PROBLEM TO SOLVE: The answer is the line containing "いつものお弁当袋には入らなかったので、大きめのランチクロスで包みました。" plus every line after it to the end of the material, retyped exactly and without the pictures.

DATA SECTION:
◆ ◆ ◆ ◆ ◆ ◆ ◆

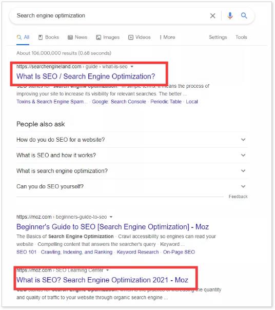 其实当我们搜索一个较为专业的名词的时候,首先会看到一到两个“X 是什么?”。比如搜索【搜索引擎优化】这个词,出现的就会是以下的情况,所以企业在创建新闻博客内容的时候,不妨把目标瞄准这个方向。
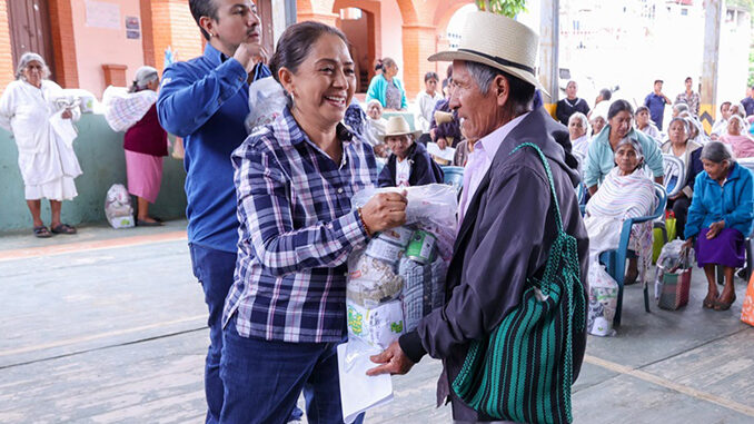 El trabajo por territorio también se reflejó en la Sierra Sur con la entrega directa y sin personas intermediarias de 800 canastas alimentarias en agencias de los municipios: San Juan Ozolotepec, Santa María Ozolotepec y San Francisco Ozolotepec.
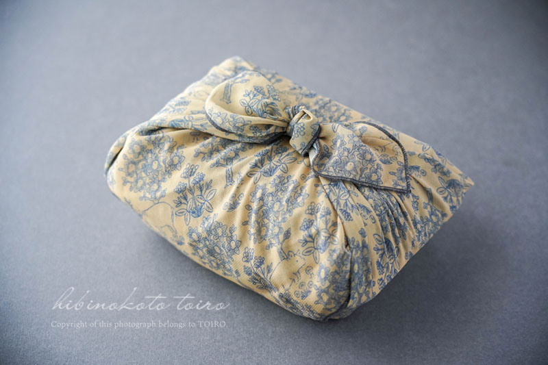 いつものお弁当袋には入らなかったので、大きめのランチクロスで包みました。
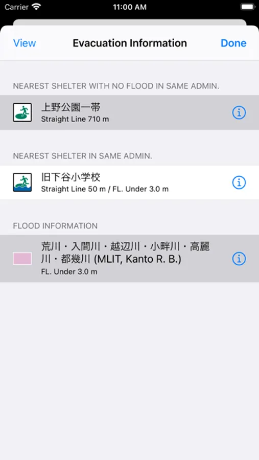 It searches the nearest shelter from a location that is the center of a screen map. And changes to detail check mode. You can check the nearest shelter and related floods in this mode. The finish is to tap the “Done” button.

◆ ◆ ◆ ◆ ◆ ◆ ◆

ANSWER SPACE:
 いつものお弁当袋には入らなかったので、大きめのランチクロスで包みました。
 It searches the nearest shelter from a location that is the center of a screen map. And changes to detail check mode. You can check the nearest shelter and related floods in this mode. The finish is to tap the “Done” button.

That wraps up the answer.